Possible limitations

  • Not stated in the abstract.

Abstract

arXiv:2608.08127v1 Announce Type: new Abstract: The runtime of Constraint Programming (CP) solvers is highly sensitive to modeling choices, such as symmetry breaking, implied constraints, global constraints, constraint reformulation, and variable representation. Improving these constraint models has traditionally required human expertise, and existing automated reformulation systems are restricted to a predefined library of hand-crafted transformation rules. We introduce an agentic framework that instead reformulates a constraint model from an open-ended space and establishes correctness empirically rather than by construction: a Large Language Model (LLM) agent, given a model and three training instances, proposes alternative formulations, validates each by injecting its solution back into the original model, and diagnoses and repairs failures, returning the best variant it finds in a median of about fifteen minutes. The models are expressed in the CPMpy modeling library, and each proposed model is evaluated on three larger test instances.
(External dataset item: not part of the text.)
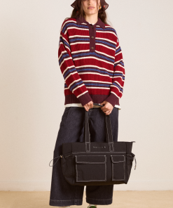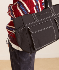 An elevated take on our signature DM tote bags, meet the Eliza Techy Tote Bag in black. This tote keeps all of your essentials secure and organised with its external front pockets and side toggle pockets, as well as an internal pocket and metal zipper closure to keep your valuables safe. Finished with white contrast stitching and rubberised Damson Madder branding, it is the ultimate everyday bag.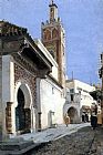 A Street Scene with a Mosque, Tangier by Manuel Garcia y Rodriguez

Across nine combinatorial optimization problems, the generated models outperform the originals on 21 of 27 test instances, and on some problems solve more than two orders of magnitude faster. A comparison against non-agentic baselines that reuse the same validation and selection tools indicates that the gains stem from the agent's iterative diagnosis and repair, not merely from sampling several candidates. These results demonstrate that autonomous agentic methods can support the improvement of constraint models.